THE PROBLEM — Line by line, the data below should be set down unchanged, with images excluded.

INPUT DATA —
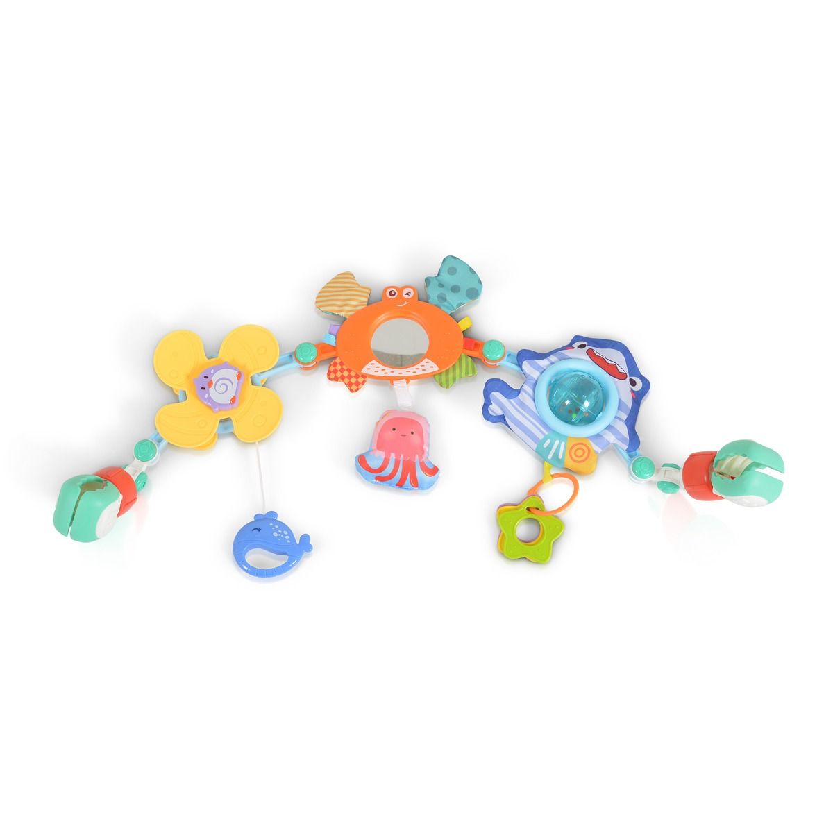 - Насърчава развитието на фините двигателни умения, развива вниманието, зрението, цветоусещането, насърчава развитието на хватателни рефлекси и тактилно възприятие. за количка, кошара или кошара.
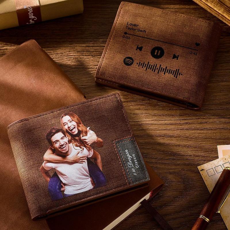 Scannable Spotify Code Wallet Photo Engraved Wallet Memorial Gifts-Brown
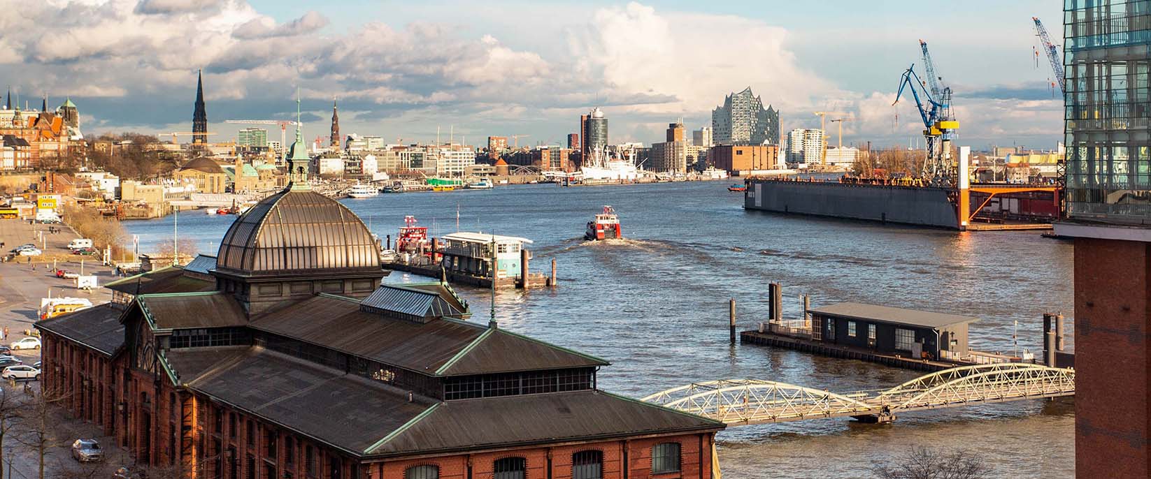 • Start am Hamburger Hafen, entlang die Elbe
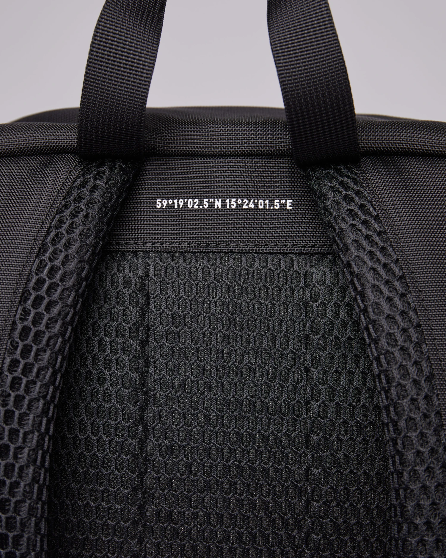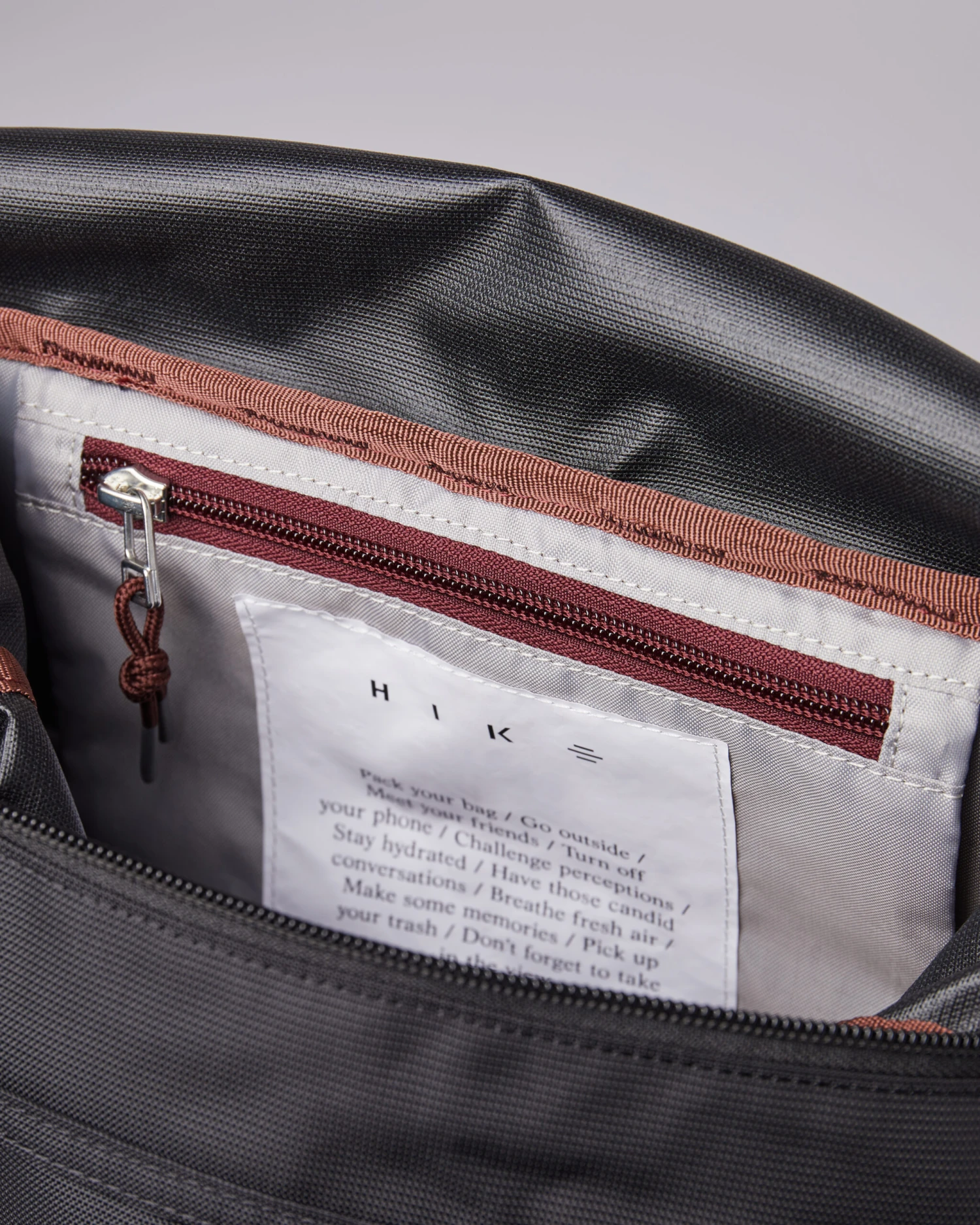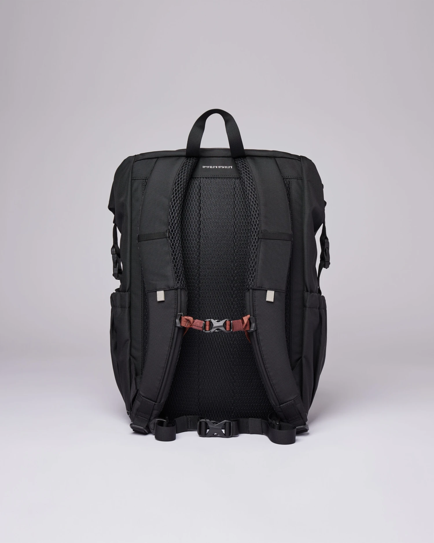High-performance backpack. Functionality includes gear loops, cord detailing, compressions straps, side pockets, a removable hip belt and a two-way rolltop and buckle closure. Expertly crafted from sustainable fabrics, with technical details and function at its core.
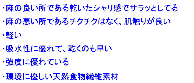 非常に軽く、麻のような乾いた手触りです。肌当たり快適な着心地を堪能できる素材です。 麻のような乾いたシャリシャリ感があって清涼感いっぱいなのに麻のようなチクチク感はない!!
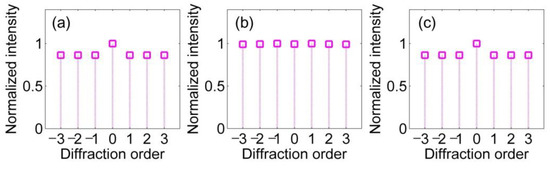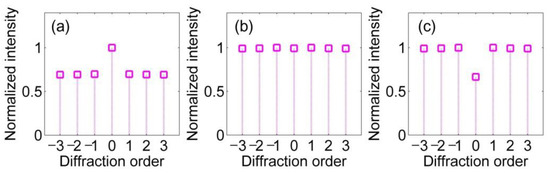 Before giving the proposed design method, we first analyze the influence of phase difference change on the output light field for the conventional 0-π DOE. Figure 1a is the phase distribution of a binary DOE used to generate the 3 × 7 spot array with equal intensity. Figure 1b–d are the output light fields obtained by performing two-dimensional Fourier transform operation of the phase distribution in Figure 1a with phase difference of π, 0.9π, and 1.1π, respectively. The insets in the bottom are the cross-section intensity distribution. It can be seen that the reconstructed 3 × 7 spots are very uniform when phase difference is π. Then, when phase difference is changed to 0.9π or 1.1π, the spots are no longer uniform, which is mainly because the zero-order intensity is significantly enhanced compared to other diffraction orders. However, it should be noted that the uniformity of other diffraction orders except the zero order is still very good, which means that the change in phase difference does not affect the uniformity of other diffraction orders. The above analysis indicates that the 0-π DOE has the following interesting properties: when the phase difference is varied from π to other values, the zero-order light intensity will be enhanced, and the uniformity of other diffraction orders can be retained.
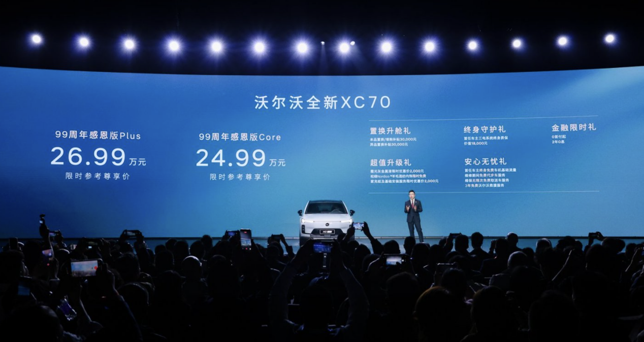 同期推出全新XC 70 99周年感恩版,Core版限时24.99万元、Plus版26.99万元,定位25万级豪华插混SUV。新车基于SMA超混架构,纯电续航116km,综合续航超1200km,搭载硼钢笼式车身、7气囊、23个智能感知硬件及CLEANZONE®座舱,提供置换补贴、终身质保等多重权益。
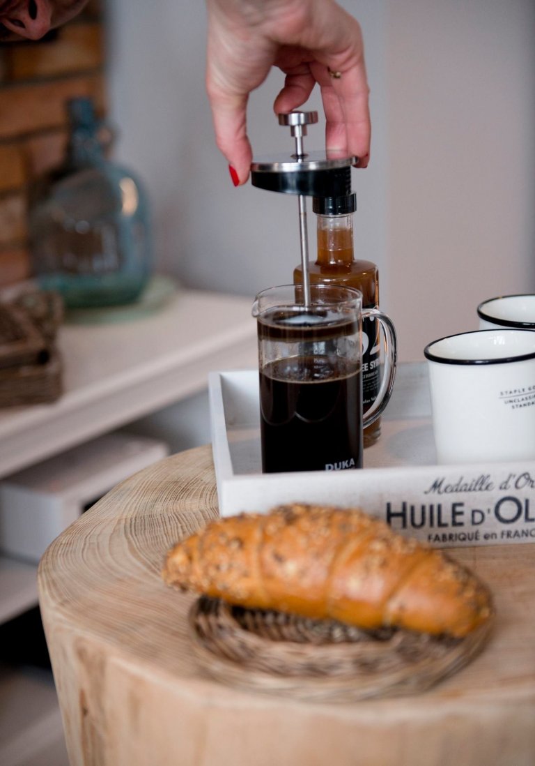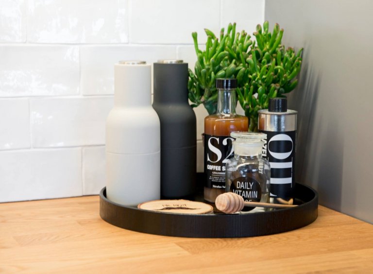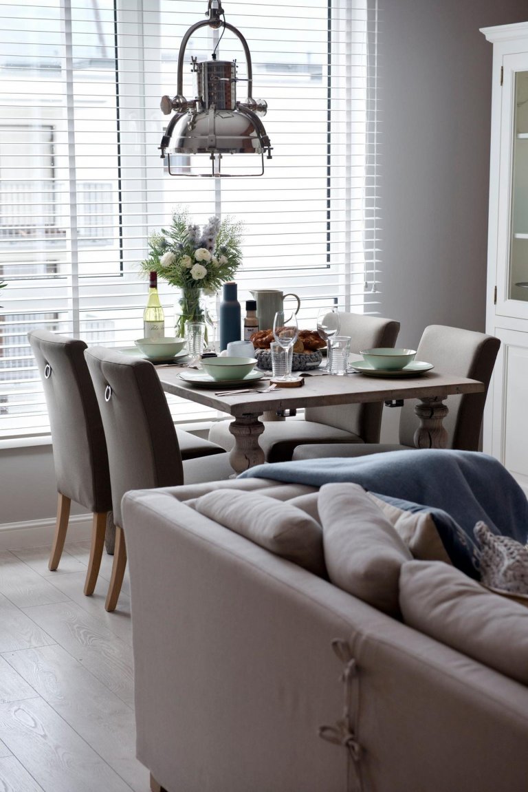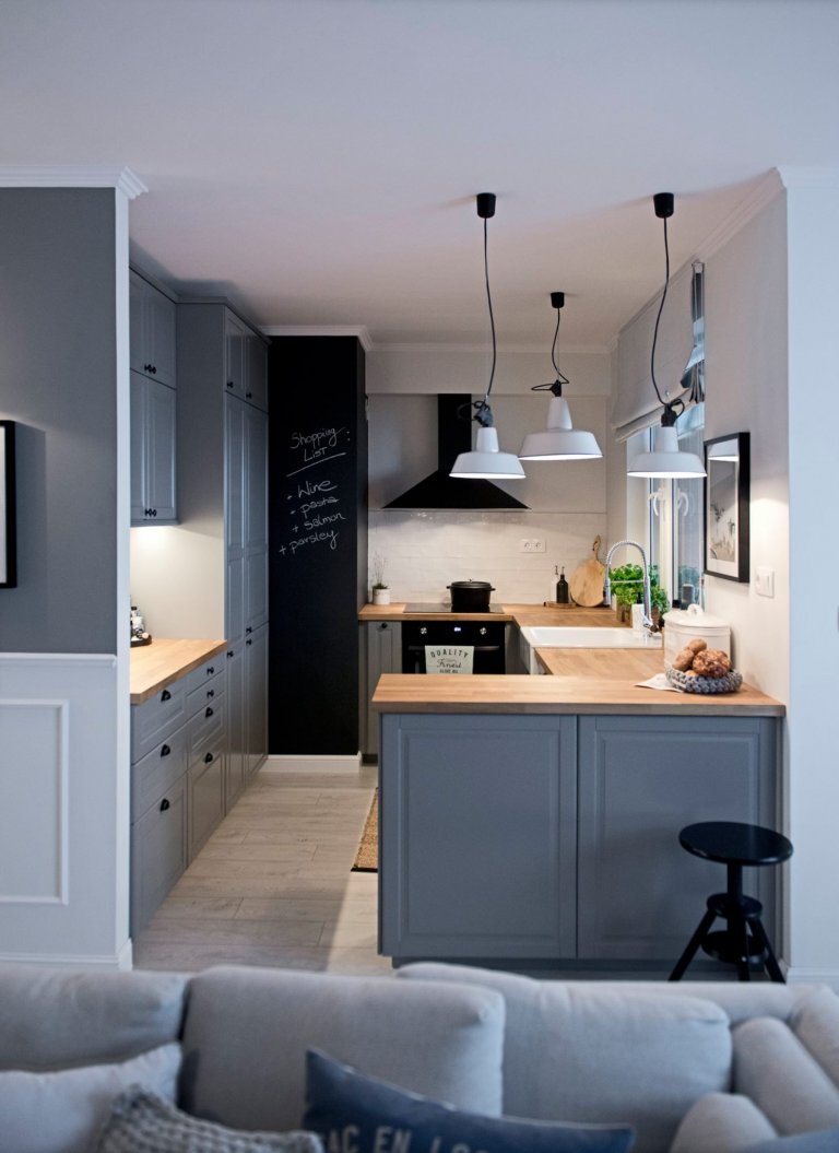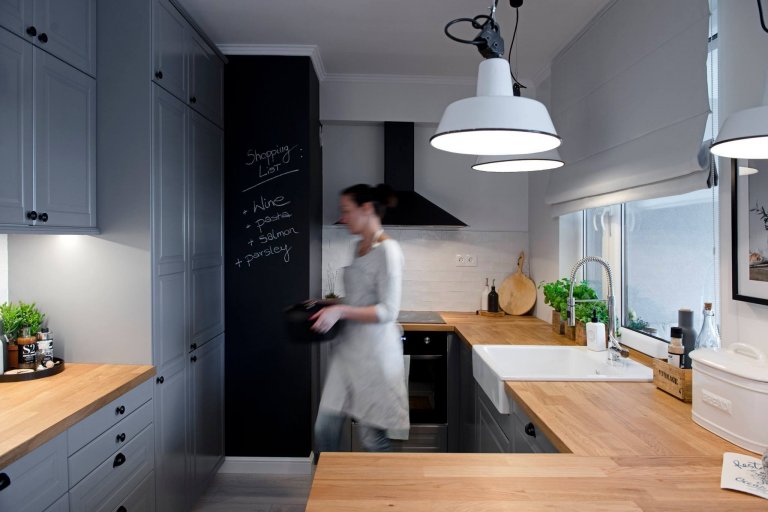 U obývacího pokoje si můžeme povšimnout, že slouží zároveň jako jídelna. Obě tyto části jsou tvořeny ve stejném duchu tak, aby k sobě dokonale zapadaly. Pozornost na sebe přitahuje dřevěný konferenční stolek, který doplňuje "pufík" (lze považovat za sedací "bobek") ve tvaru kamene. Teplo domova nám zajišťuje krb. Kuchyně je úplná symfonie dřeva. Skříně jsou tvořeny v šedo-modrém odstínu a jako kontrast se zde nabízejí černé prvky ve formě stoliček. Za pohled stojí i černá stěna, která je natřena tabulovou barvou, což se hodí pro každou kreativní duši.
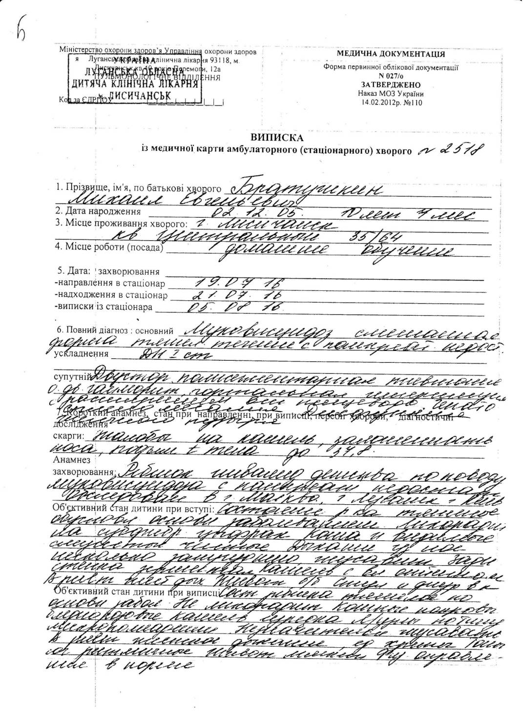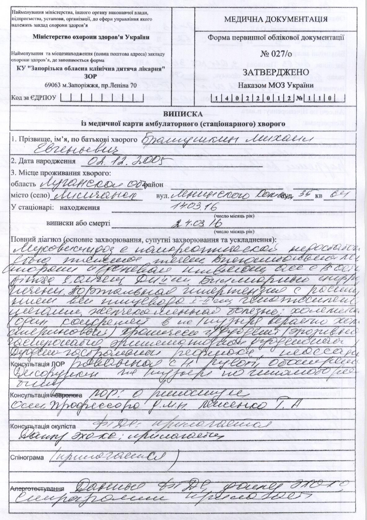 In March we went to the Zaporozhe Pulmonology Center where Misha underwent a round of antibiotics and some other treatments. We had hoped that he would not go back to the hospital before September, but we were mistaken. In July my son had a high temperature and started to cough at night. We were told to go to the Lisachanski Pulmonology Center and stayed there until the 5th of August.
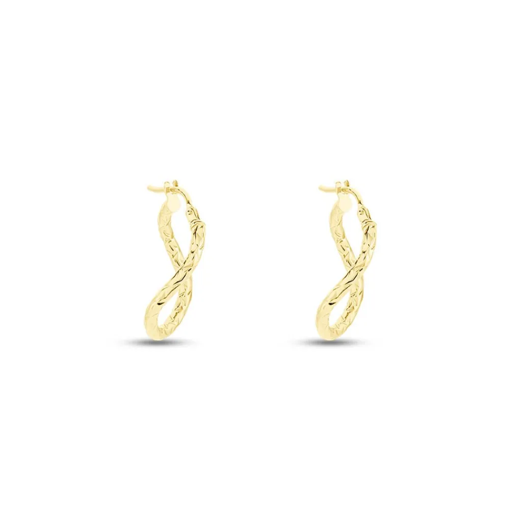 Creoles Or Jaune 375/1000 Ovales Fil Vrille Effet Diamante Largeur 2mm Diametre 22.2mmx15.44mm
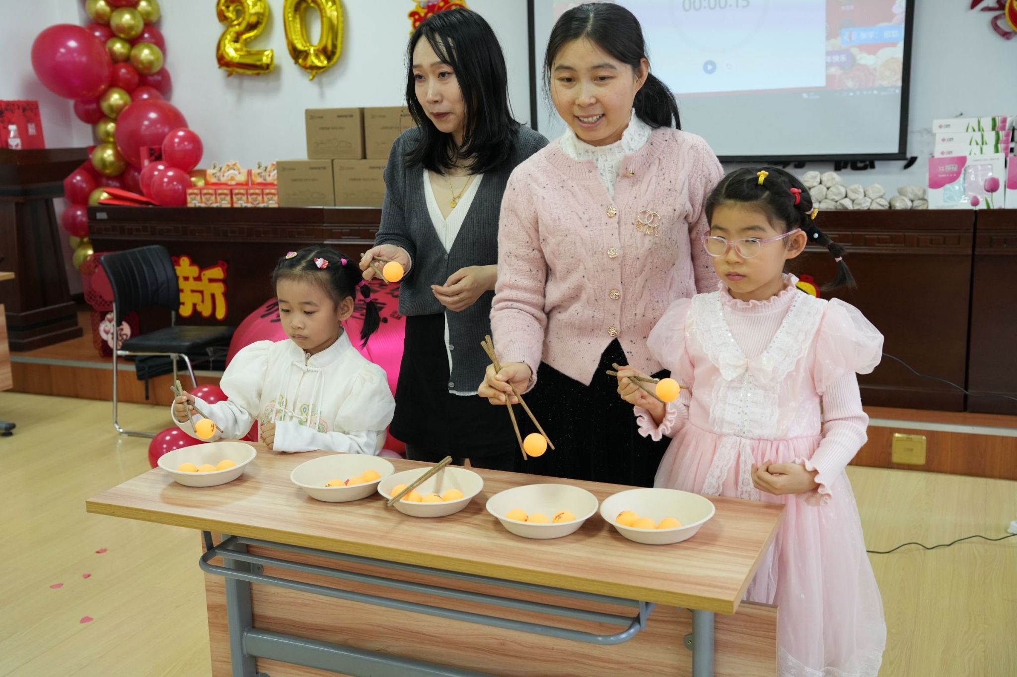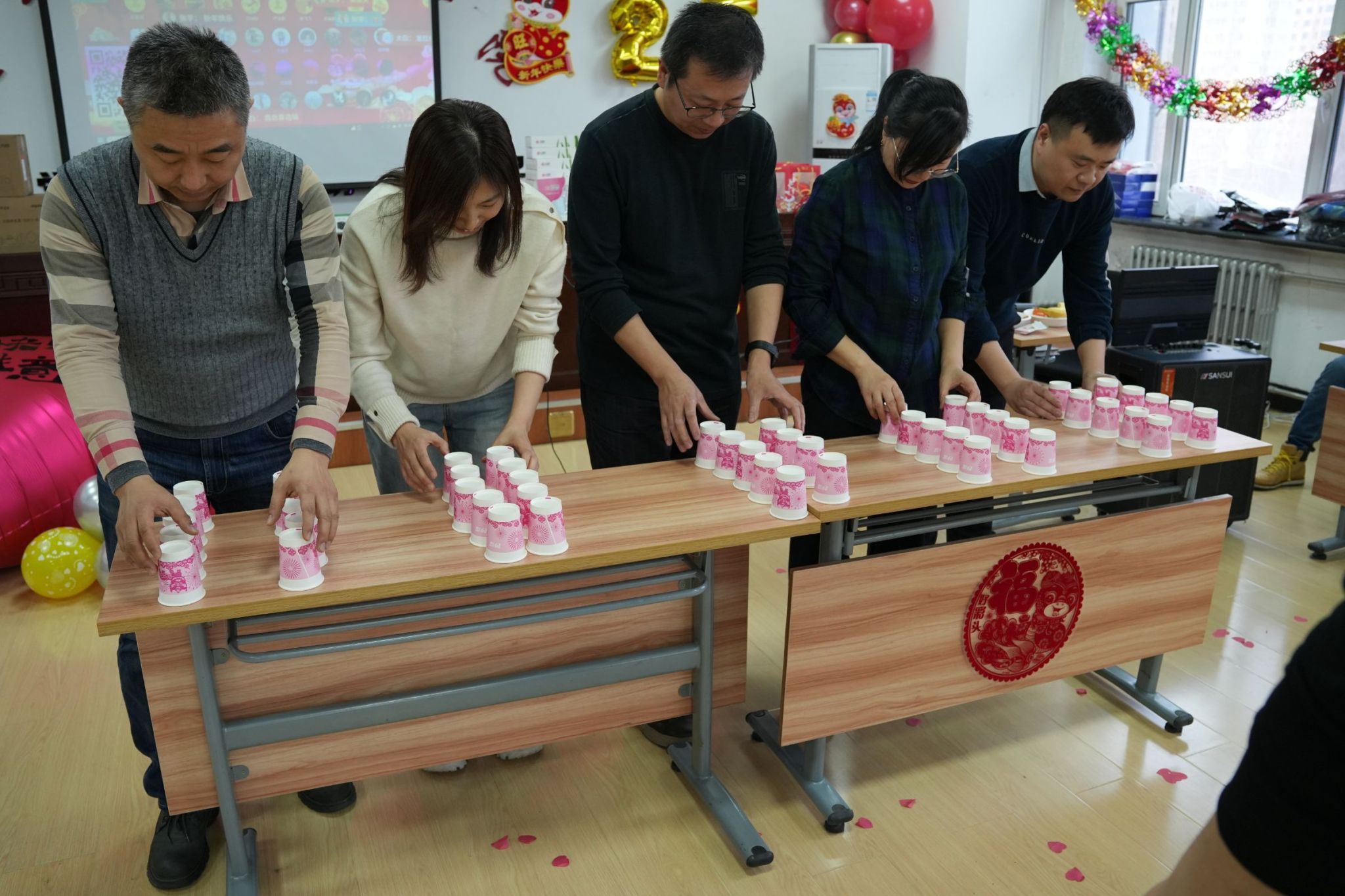 叠纸杯速决、筷子夹乒乓球、双人投篮、数字炸弹比赛等游戏环节高潮迭起,抽奖环节内容丰富多彩,形式活泼有趣,引来阵阵欢声笑语。
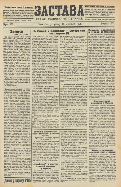 ЗАСТАВА / власник и уредник Светозар Милетић. - Год. 1, бр. 1 (9. фебруар

ANSWER BELOW —
 - Насърчава развитието на фините двигателни умения, развива вниманието, зрението, цветоусещането, насърчава развитието на хватателни рефлекси и тактилно възприятие. за количка, кошара или кошара.
 Scannable Spotify Code Wallet Photo Engraved Wallet Memorial Gifts-Brown
 • Start am Hamburger Hafen, entlang die Elbe
High-performance backpack. Functionality includes gear loops, cord detailing, compressions straps, side pockets, a removable hip belt and a two-way rolltop and buckle closure. Expertly crafted from sustainable fabrics, with technical details and function at its core.
 非常に軽く、麻のような乾いた手触りです。肌当たり快適な着心地を堪能できる素材です。 麻のような乾いたシャリシャリ感があって清涼感いっぱいなのに麻のようなチクチク感はない!!
 Before giving the proposed design method, we first analyze the influence of phase difference change on the output light field for the conventional 0-π DOE. Figure 1a is the phase distribution of a binary DOE used to generate the 3 × 7 spot array with equal intensity. Figure 1b–d are the output light fields obtained by performing two-dimensional Fourier transform operation of the phase distribution in Figure 1a with phase difference of π, 0.9π, and 1.1π, respectively. The insets in the bottom are the cross-section intensity distribution. It can be seen that the reconstructed 3 × 7 spots are very uniform when phase difference is π. Then, when phase difference is changed to 0.9π or 1.1π, the spots are no longer uniform, which is mainly because the zero-order intensity is significantly enhanced compared to other diffraction orders. However, it should be noted that the uniformity of other diffraction orders except the zero order is still very good, which means that the change in phase difference does not affect the uniformity of other diffraction orders. The above analysis indicates that the 0-π DOE has the following interesting properties: when the phase difference is varied from π to other values, the zero-order light intensity will be enhanced, and the uniformity of other diffraction orders can be retained.
 同期推出全新XC 70 99周年感恩版,Core版限时24.99万元、Plus版26.99万元,定位25万级豪华插混SUV。新车基于SMA超混架构,纯电续航116km,综合续航超1200km,搭载硼钢笼式车身、7气囊、23个智能感知硬件及CLEANZONE®座舱,提供置换补贴、终身质保等多重权益。
 U obývacího pokoje si můžeme povšimnout, že slouží zároveň jako jídelna. Obě tyto části jsou tvořeny ve stejném duchu tak, aby k sobě dokonale zapadaly. Pozornost na sebe přitahuje dřevěný konferenční stolek, který doplňuje "pufík" (lze považovat za sedací "bobek") ve tvaru kamene. Teplo domova nám zajišťuje krb. Kuchyně je úplná symfonie dřeva. Skříně jsou tvořeny v šedo-modrém odstínu a jako kontrast se zde nabízejí černé prvky ve formě stoliček. Za pohled stojí i černá stěna, která je natřena tabulovou barvou, což se hodí pro každou kreativní duši.
 In March we went to the Zaporozhe Pulmonology Center where Misha underwent a round of antibiotics and some other treatments. We had hoped that he would not go back to the hospital before September, but we were mistaken. In July my son had a high temperature and started to cough at night. We were told to go to the Lisachanski Pulmonology Center and stayed there until the 5th of August.
 Creoles Or Jaune 375/1000 Ovales Fil Vrille Effet Diamante Largeur 2mm Diametre 22.2mmx15.44mm
 叠纸杯速决、筷子夹乒乓球、双人投篮、数字炸弹比赛等游戏环节高潮迭起,抽奖环节内容丰富多彩,形式活泼有趣,引来阵阵欢声笑语。
 ЗАСТАВА / власник и уредник Светозар Милетић. - Год. 1, бр. 1 (9. фебруар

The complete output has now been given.